La Waters a tout de même présenté une soumission (sachant fort bien qu'elle n'était pas conforme à deux des caractéristiques essentielles). Or, tel que mentionné précédemment, des trois fournisseurs potentiels qui s'étaient plaints au MAS, seule la Waters a déposé une plainte auprès de la Commission, le 5 juillet 1991. Le 9 juillet 1991, la Commission rendait une Ordonnance de suspension d'adjudication.

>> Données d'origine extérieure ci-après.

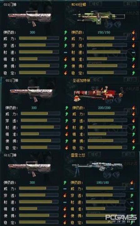 下面是G11门神与其他武器的对比图。可以看出来,G11门神与M249狂蟒子弹一样(150乘2等于300),射速一样,而门神在威力、穿透、便携上都领先,狂蟒的精准、稳定高于门神。与圣诞加特林相比,门神在威力、穿透、便携上胜出,圣诞加特林子弹、射速、精准、稳定上胜出,个人感觉两把枪差不多。最后,雷霆之怒完虐G11门神!
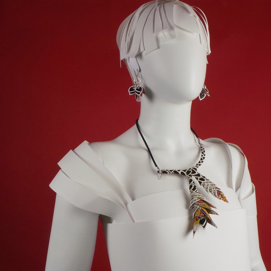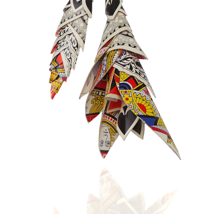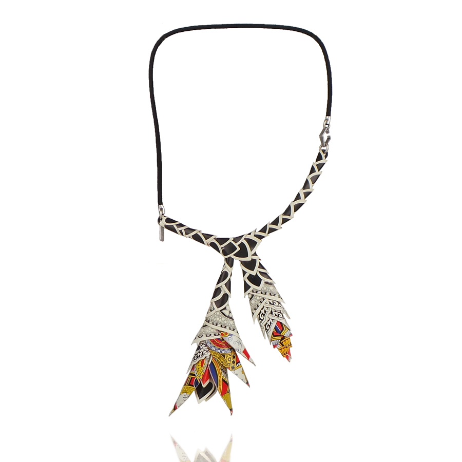 Sculpture necklace made with hand-cut and hand-crafted playing cards.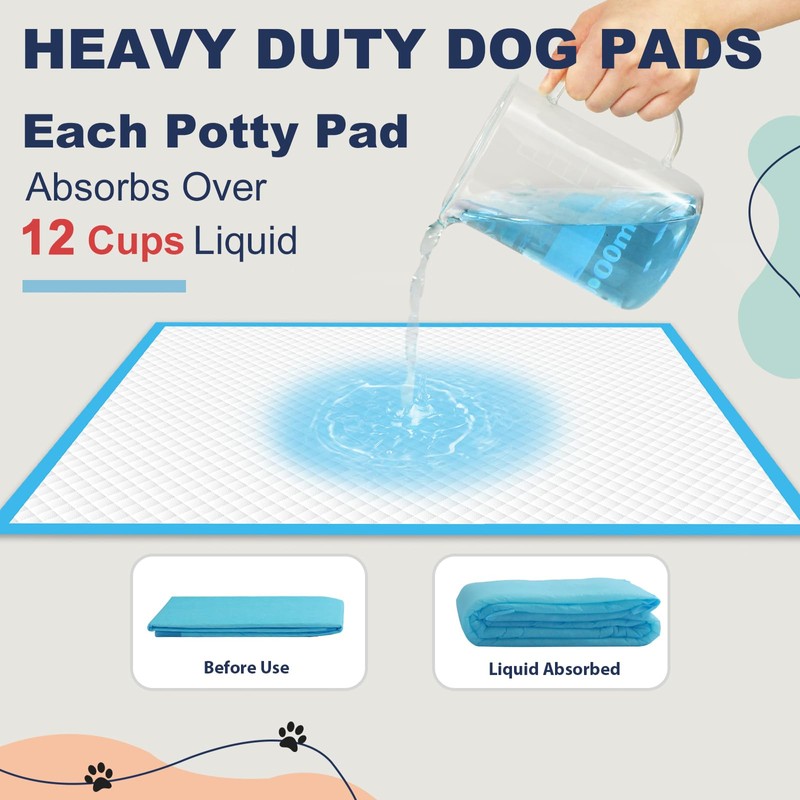 - 【STRONG ABSORBENT】Each wee wee pad contains imported polymers and fluff slurry, which can quickly turn liquid into gel, and lock in up to 10-12 cups of liquid. Pets won't dirty your floor with wet paws anymore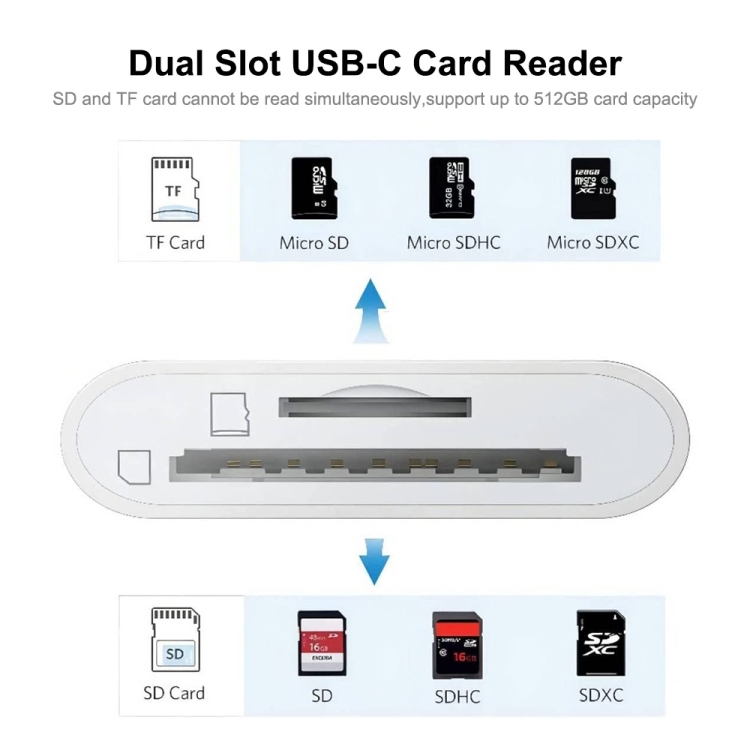 - Soporta Tarjetas SD, SDHC, SDXC, MicroSD, Micro SDHC, Micro SDXC, UHS-I; velocidad de transferencia USB 3.0; capacidad máxima de Tarjeta hasta 512 GB; Conexión plug and play sin necesidad de drivers; no permite lectura simultánea de dos Tarjetas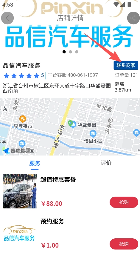 店铺详情页会展示各类服务套餐及其对应的价格,同时配备联系商家的功能,以此来优化服务对接的整个流程。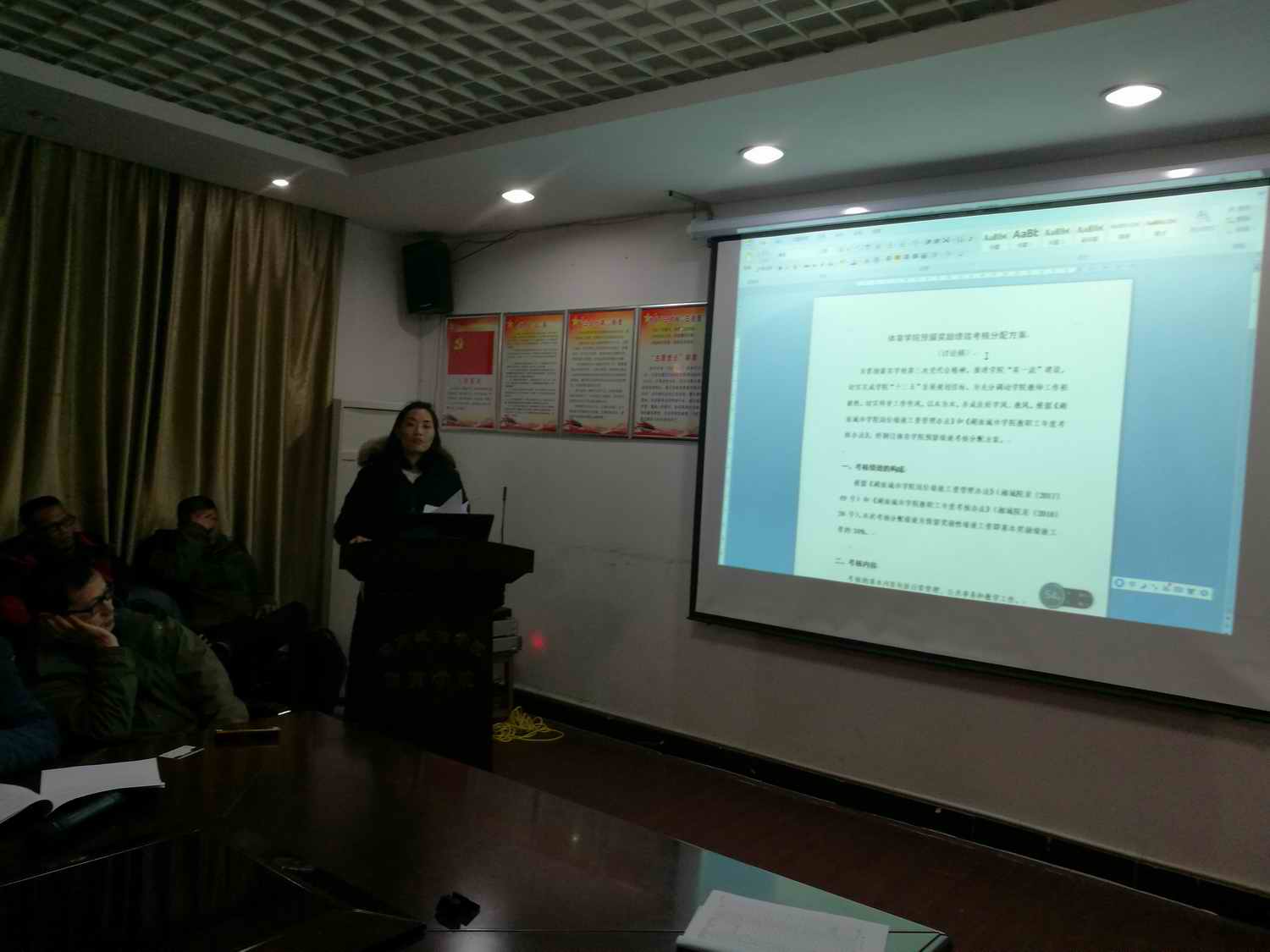 办公室主任王雄鹰对《ok138太阳集团预留绩效考核方案》、《ok138太阳集团绩效分配原则指导意见》两项学院文件进行了说明。

La mention «ou l'équivalent»

Lorsque le MAS a reçu la commande d'Agriculture Canada et qu'il a informé le Ministère qu'aux termes de l'Accord de libre-échange il s'imposait que les spécifications décrivant les produits de la Varian soient assorties de la mention «ou l'équivalent», le MAS faisait alors allusion aux dispositions de l'article IV de l'Accord du GATT relatif aux marchés publics. Ce code du GATT fait partie intégrante de l'Accord de libre-échange, tel que stipulé aux articles 1302 et 1303 de l'Accord. Il s'avérerait utile de citer, dans la présente, le libellé des paragraphes 2 et 3 de l'article IV du Code du GATT :

«2. Toute spécification technique prescrite par des entités contractantes sera, s'il y a lieu,

a)définie en fonction des propriétés d'emploi du produit plutôt que de sa conception, et

b)fondée sur des normes internationales, des règlements techniques nationaux ou des normes nationales reconnues.

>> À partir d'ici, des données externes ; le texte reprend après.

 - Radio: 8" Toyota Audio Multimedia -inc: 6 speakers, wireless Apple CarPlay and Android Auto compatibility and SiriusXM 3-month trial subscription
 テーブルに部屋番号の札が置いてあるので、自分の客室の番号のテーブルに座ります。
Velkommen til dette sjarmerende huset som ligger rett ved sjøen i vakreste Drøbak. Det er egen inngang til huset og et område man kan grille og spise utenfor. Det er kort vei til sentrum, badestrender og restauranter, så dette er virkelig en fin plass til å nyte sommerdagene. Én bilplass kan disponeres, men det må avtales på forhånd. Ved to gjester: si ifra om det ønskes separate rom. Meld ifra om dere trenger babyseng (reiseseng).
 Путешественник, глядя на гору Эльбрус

3. Il ne devra pas être exigé ou mentionné de marques de fabrique ou de commerce, de brevets, de modèles ou de types particuliers, ni d'origines ou de producteurs déterminés, à moins qu'il n'existe pas d'autre moyen suffisamment précis ou intelligible de décrire les conditions du marché et à la condition que des termes tels que «ou l'équivalent» figurent dans les appels d'offres.»

À la lumière de ces paragraphes, on constate donc, sans difficulté, que l'orientation précisée dans l'ALÉ est assortie d'un parti pris contre les spécifications axées sur la conception et d'un parti pris pour les spécifications axées sur les propriétés d'emploi. De façon plus particulière, y est énoncé un parti pris contre le fait d'exiger ou de mentionner, dans des spécifications, des marques de fabrique ou de commerce, des brevets, des modèles ou des types particuliers, des origines ou des producteurs déterminés «... à moins qu'il n'existe pas d'autre moyen suffisamment précis ou intelligible de décrire les conditions du marché...»

Les agents du MAS le savaient. Ils savaient également que s'ils allaient à l'encontre de ce parti pris, en mentionnant dans les spécifications des numéros de modèles et de pièces du progiciel «Star» de la Varian, ils devaient satisfaire la condition suivante, à savoir que «... des termes tels que «ou l'équivalent» figurent dans les appels d'offres.».

Le premier problème auquel est confrontée la Commission, en ce qui concerne les méthodes empruntées dans le cadre de cet appel d'offres, c'est qu'on ne semble pas avoir examiné sérieusement l'affirmation selon laquelle il n'existait pas «...d'autre moyen suffisamment précis ou intelligible de décrire les conditions du marché...», autre que de préciser les noms des modèles des appareils «Varian Star» et des numéros des pièces les constituant. On le constatera plus loin, lorsque, une fois la plainte déposée, on a demandé à Agriculture Canada de justifier chacune des caractéristiques essentielles du produit consignées dans les spécifications, ces justifications ont été fournies, et sans grande difficulté, la plupart étant formulées dans la perspective des propriétés d'emploi des produits et non dans la perspective des critères de conception et des caractéristiques des produits.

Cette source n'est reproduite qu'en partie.